PROVIDED MATERIAL
__________

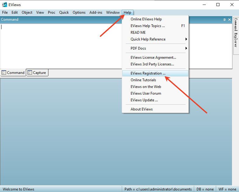 20、点击最上方【Help】选择【Eviews Registration...】。
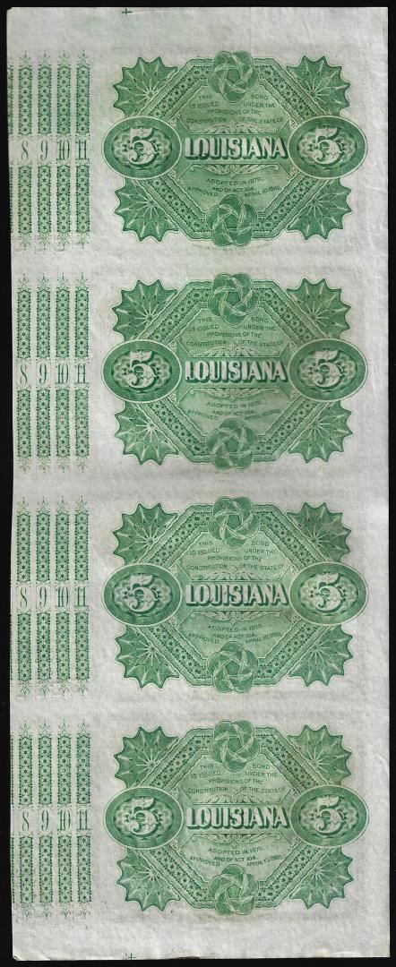 Uncut Sheet of (4) State of Louisiana Baby Bond Obsolete Notes
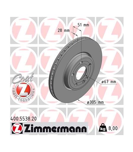 Zimmermann Bremsscheibe Vorne Rechts Links Innenbelüftet 305mm Für Mercedes-Benz A2474210412 2474210412 400.5538.20

__________

PROMPT
Find the line with "Uncut Sheet of". Return it and each line after it through the end of the data, exactly, without pictures.

RESULT
 Uncut Sheet of (4) State of Louisiana Baby Bond Obsolete Notes
 Zimmermann Bremsscheibe Vorne Rechts Links Innenbelüftet 305mm Für Mercedes-Benz A2474210412 2474210412 400.5538.20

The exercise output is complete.